Yanlord Land Group - OCBC Investment 2018-11-21: Some Blips But Sound Overall


Yanlord Land Group - Some Blips But Sound Overall

  • Yanlord’s 3Q18 PATMI +61.3% y-o-y.
  • Lower contracted sales target for FY18.
  • Addressing its higher gearing ratio.

Recent 3Q18 PATMI beat our expectations

  • Yanlord Land Group Limited’s (Yanlord) recent 3Q18 results were solid, with PATMI beating our expectations. Revenue jumped 51.7% y-o-y to RMB5,711.6m, underpinned by a 40.1% increase in GFA delivered (147.1k sqm) and 3.1% increase in ASP to RMB33,758 psm. PATMI increased 61.3% y-o-y RMB1,012.4m.
  • For 9M18, Yanlord’s revenue rose 57.1% to RMB22,562.6m, forming 75.5% of our FY18 forecast. PATMI of RMB3,287.7m represented an increase of 62.4% and this accounted for 87.8% of our full-year projection due largely to lower-than-expected non-controlling interests (PAT accounted for 78.4% of our FY18 forecast).

Some delay in project launches; contracted sales target lowered

  • Looking ahead, Yanlord has RMB11.3b of accumulated pre-sales pending recognition, as at 30 Sep 2018, with advances received amounting to RMB9.0b.
  • Yanlord has a land bank of 7.79m sqm, which is sustainable for development for approximately five years.
  • Yanlord highlighted that it had encountered some pre-sales permit delays for two projects in Shenzhen, with a push back to early next year.

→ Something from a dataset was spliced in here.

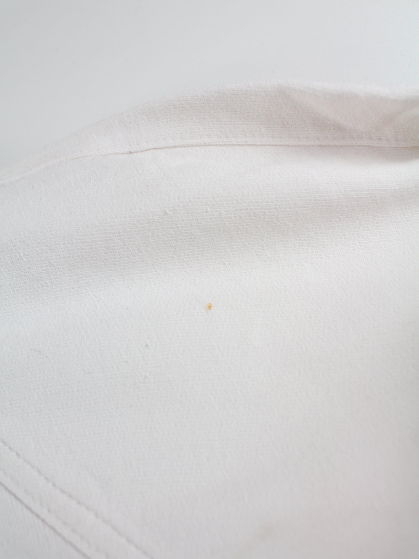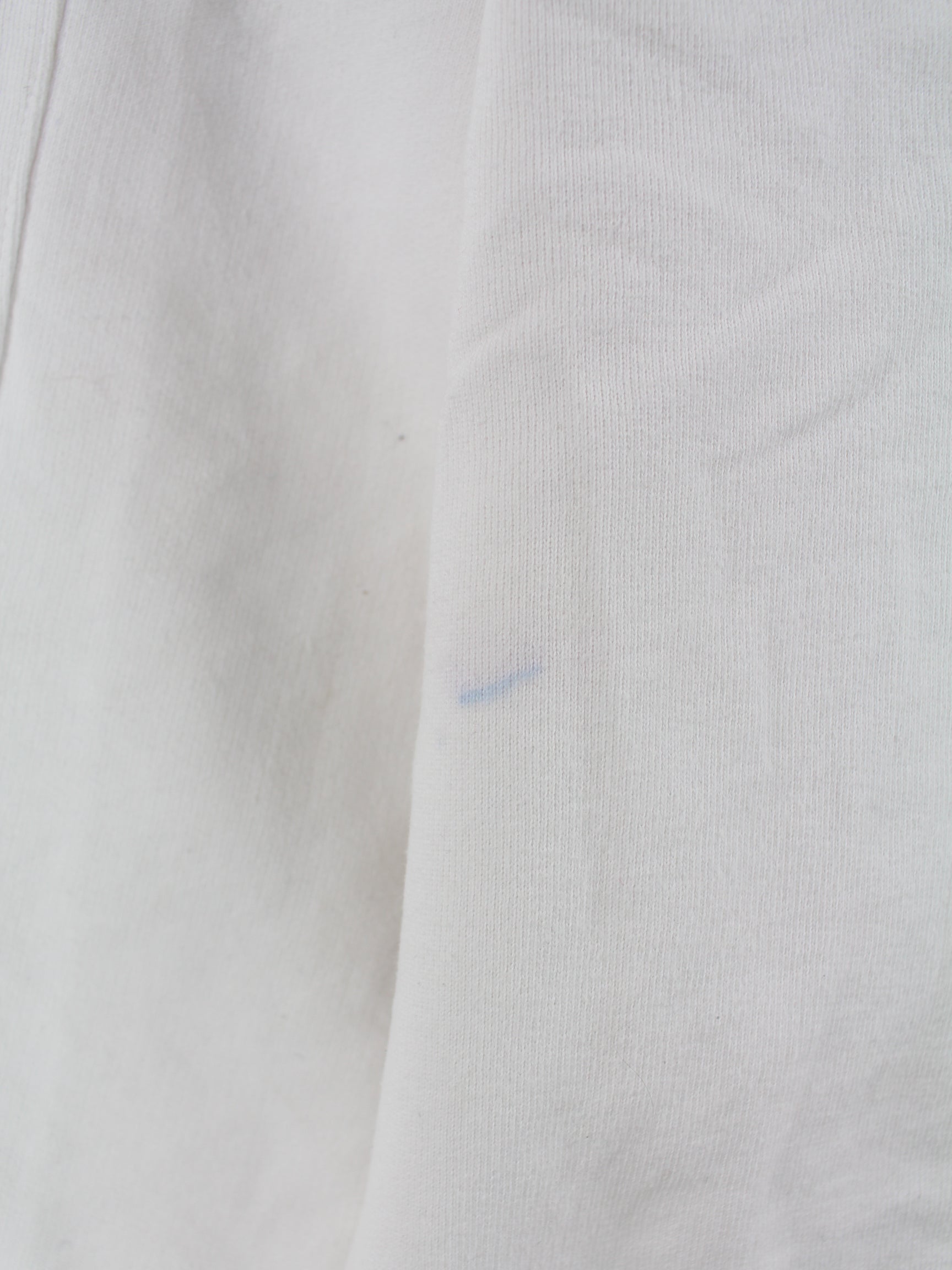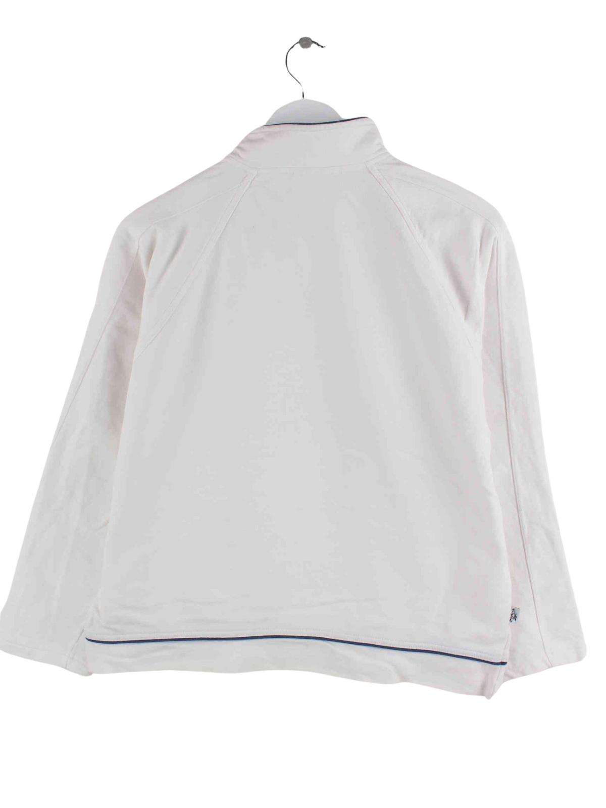 Weißer Sweater mit kurzem Reißverschluß vom Brand Reebok aus Anfang der 2000'er in Größe M. Er ist aus einer Baumwollmischung produziert und in gutem Zustand bei uns zu bekommen.

As such, management signalled that a more feasible contracted sales target for 2018 would be RMB27b, versus RMB30b previously.
  • For 2019, including the delayed projects, Yanlord would have ~RMB80b of saleable resources. We believe a sell-through rate of ~50%-60% is achievable.
  • In Singapore, Yanlord is hopeful of obtaining Provisional Permission from the authorities by 17 Jan 2019 for its Tulip Garden en-bloc project.

Rising gearing a concern, but seeking to address this

  • One of the negatives in 3Q18 was the increase in Yanlord’s net gearing ratio from 78.3% in 2Q18 to 91.2%. Management acknowledged that that this was above its comfort zone, and highlighted that it will continue to be more prudent in its land acquisition.
  • The push back in the delayed projects in Shenzhen will also eventually translate into cash inflows once they are launched, thus alleviating the situation (typical cash collection rate is > 90%).
  • After fine-tuning our assumptions and lowering our target P/E peg to 5x from 5.5x to take into account Yanlord’s higher gearing ratio, we derive a lower fair value estimate of S$2.04 (previously S$2.13).